On the other hand, having a CPU limit can unnecessarily throttle pods even if the node’s CPU is not fully utilized which again can cause increased latency. There is a an open discussion around CPU CFS quota in linux kernel and cpu throttling based on set cpu limits and turning off the CFS quota. CPU limits can cause more problems than they solve. See more in the link below.

Memory overcommiting can get you in more trouble. Reaching a CPU limit results in throttling, reaching memory limit will get your pod killed. Ever seen OOMkill? Yep, that’s the one we are talking about. Want to minimize how often it can happen? Don’t overcommit your memory and use Guaranteed QoS (Quality of Service) setting memory request equal to limit like in the example below. Read more about the topic in Henning Jacobs' (Zalando) presentation.

Burstable (more likely to get OOMkilled more often):

    resources:
      requests:
        memory: "128Mi"
        cpu: "500m"
      limits:
        memory: "256Mi"
        cpu: 2

Guaranteed:

    resources:
      requests:
        memory: "128Mi"
        cpu: 2
      limits:
        memory: "128Mi"
        cpu: 2

So what can help you when setting resources?

You can see the current cpu and memory usage of pods (and containers in them) using metrics-server.
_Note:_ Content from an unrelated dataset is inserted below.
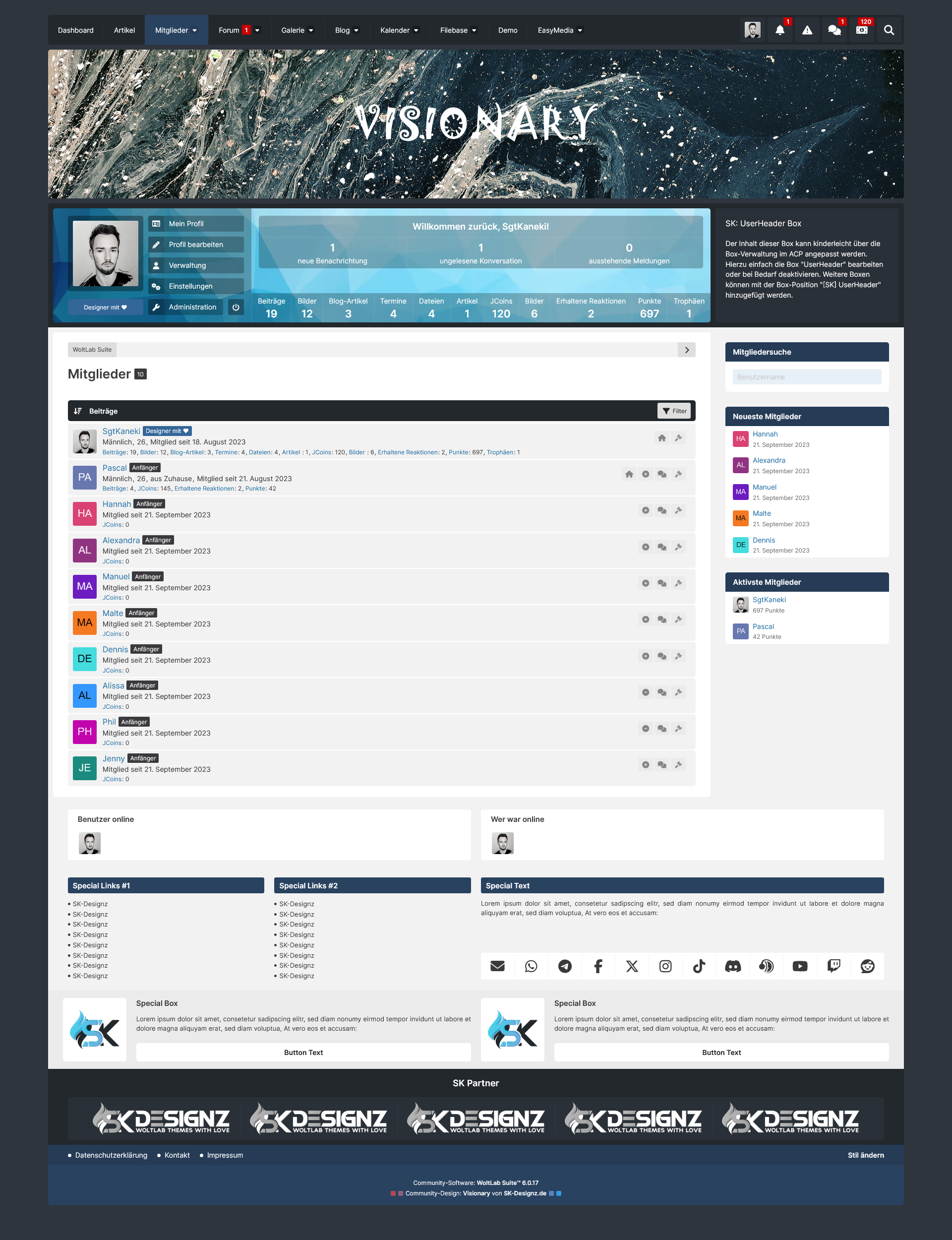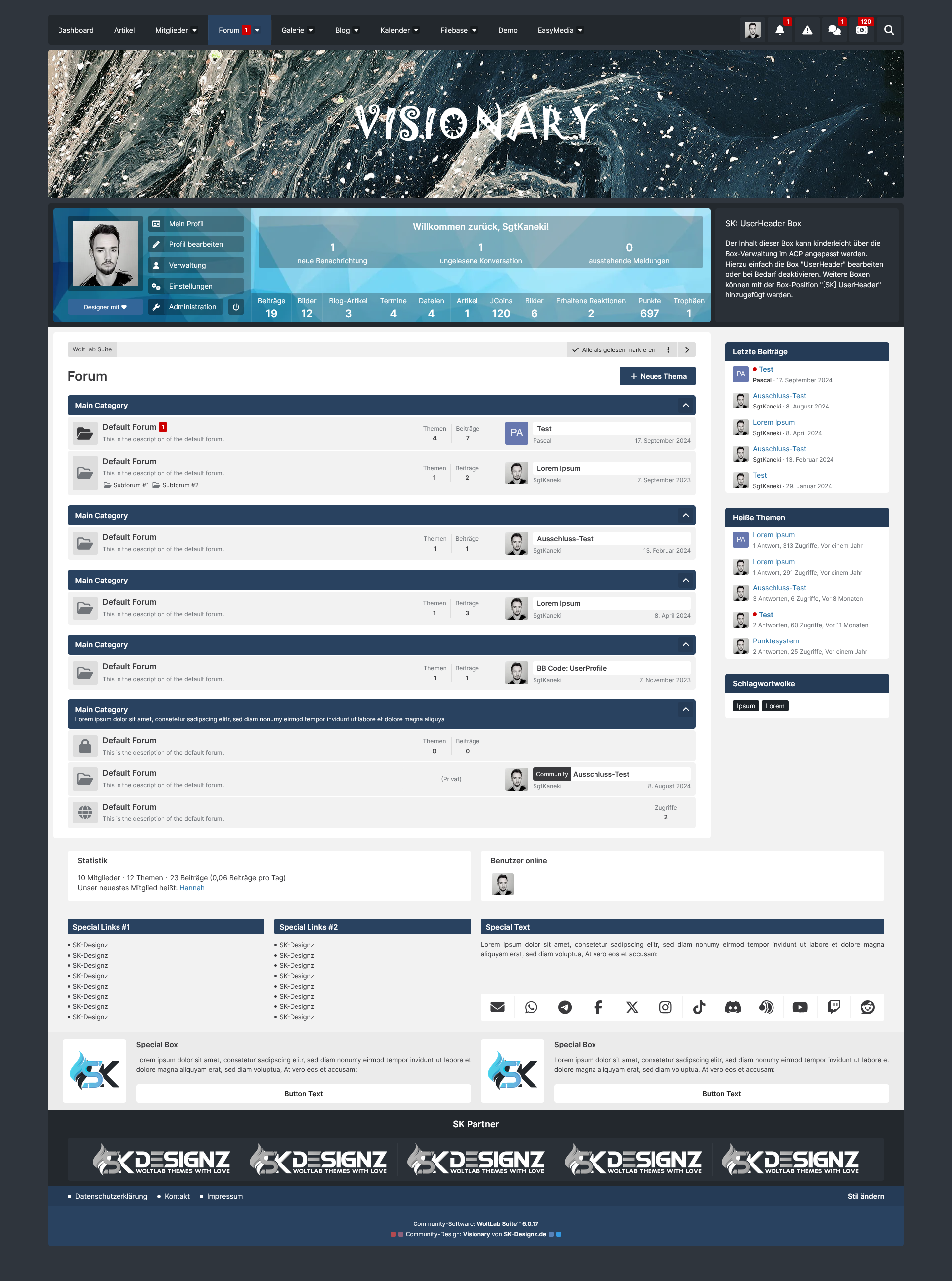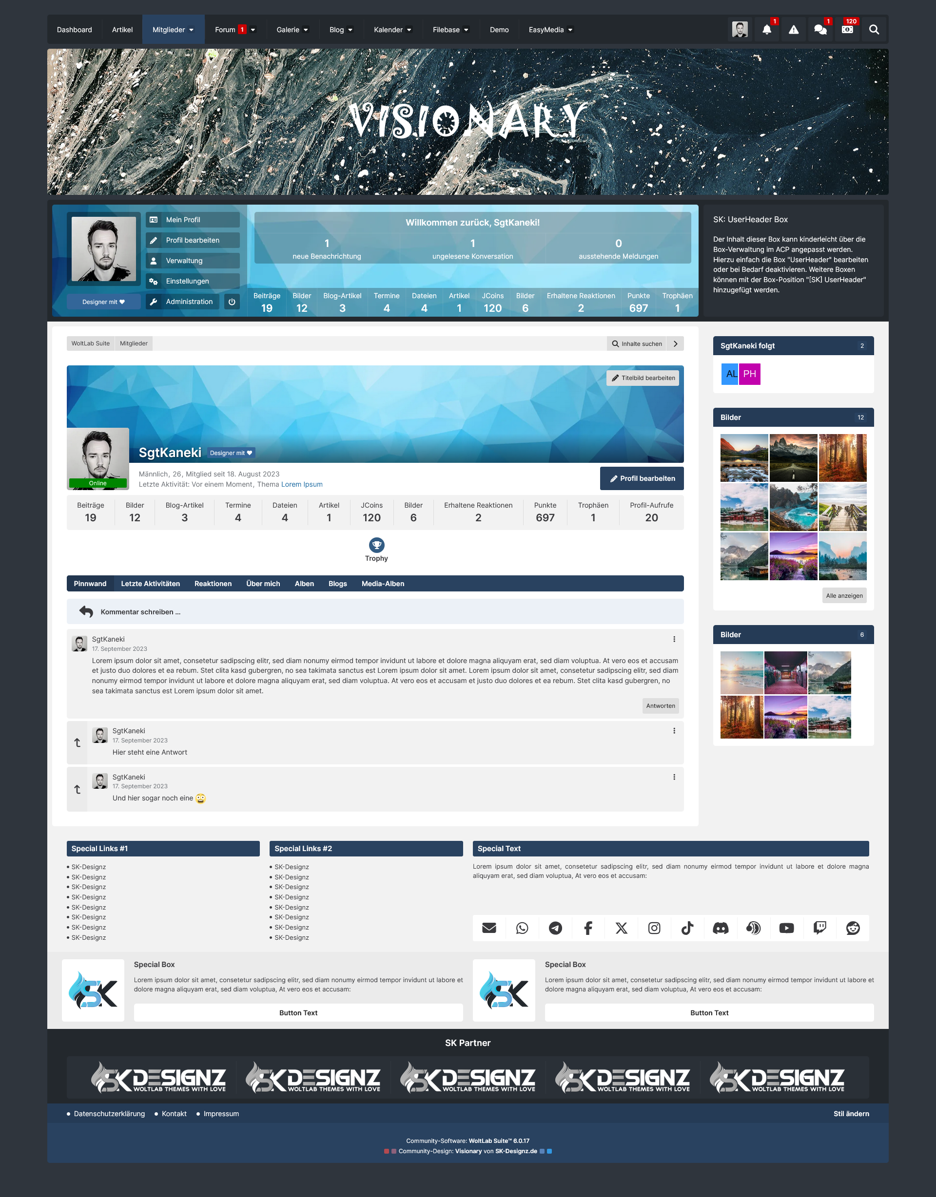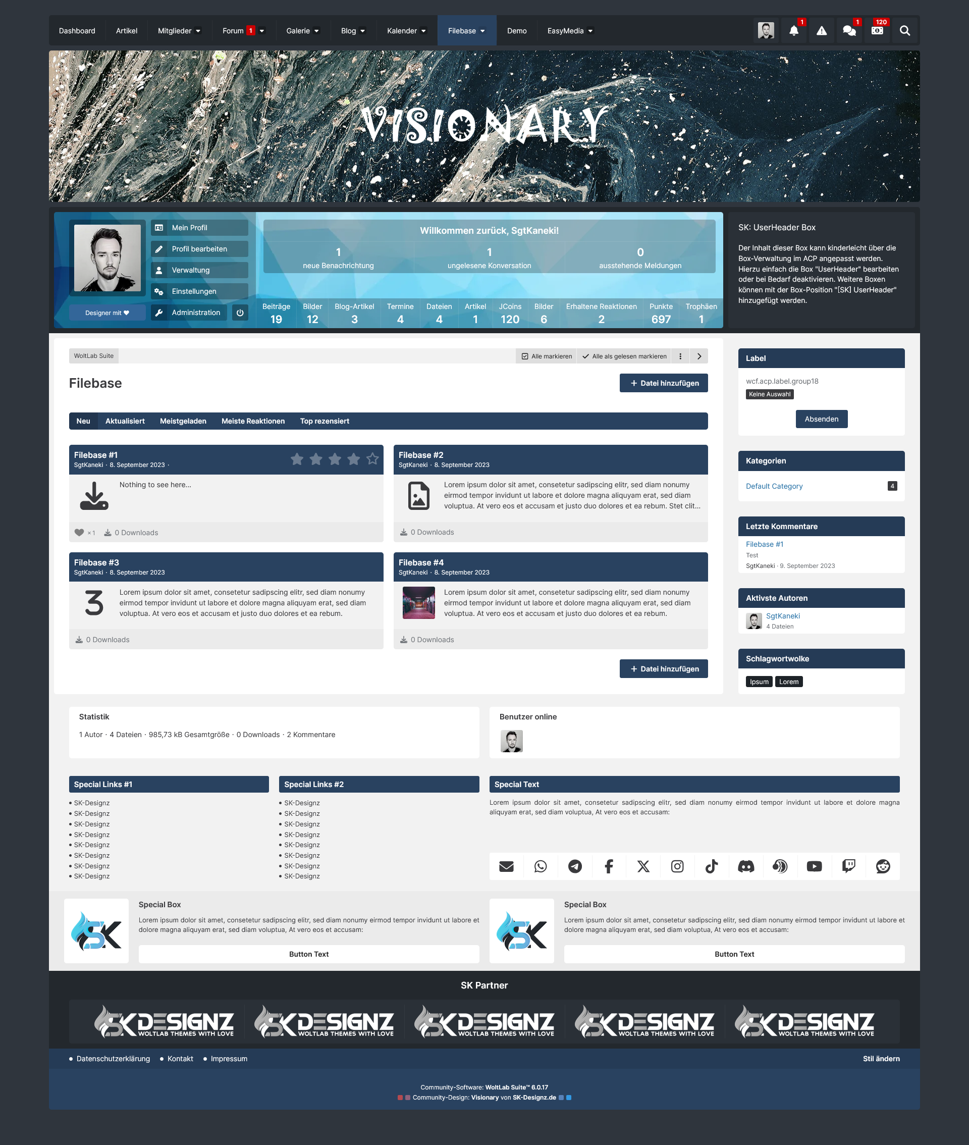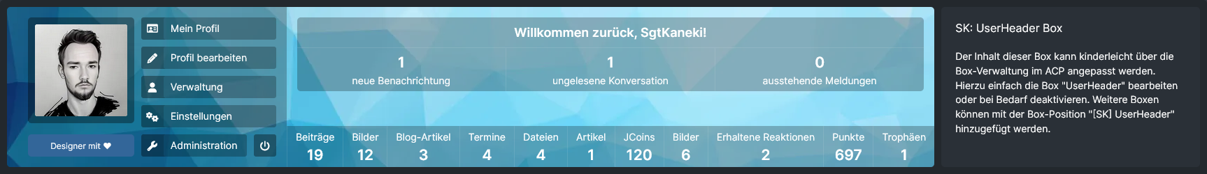 Mit der Benutzer-Box erhalten Ihre Benutzer eine sinnvolle Übersicht des eigenen Benutzerprofils prominent unter dem Header der Seite platziert. Dort befinden sich sowohl die wichtigsten Shortcuts um das eigene Profil zu verwalten, als auch die eigenen Statistiken und Benachrichtungen im Überblick zu behalten. Für Gäste hingegen bietet diese Box die Möglichkeit eine kurze Beschreibung Ihrer Website zu hinterlegen und die Möglichkeit sich entweder einzuloggen oder ein Benutzerkonto zu erstellen.

Chances are, you are already running it. Simply run these:

kubectl top pods
kubectl top pods --containers
kubectl top nodes

However these show just the current usage. That is great to get the rough idea about the numbers but you end up wanting to see these usage metrics in time (to answer questions like: what was the cpu usage in peak, yesterday morning, etc.). For that, you can use Prometheus, DataDog and many others. They just ingest the metrics from metrics-server and store them, then you can query & graph them.

VerticalPodAutoscaler can help you automate away this manual process - looking at cpu/mem usage in time and setting new requests and limits based on that all over again.

Utilizing effectively your compute is not an easy task. It is like playing tetris all the time. If you find yourself paying a lot for compute while having low average utilization (say ~10%), you might want to check AWS Fargate or Virtual Kubelet based products that leverage more of a serverless/pay-per-usage billing model that might be cheaper for you.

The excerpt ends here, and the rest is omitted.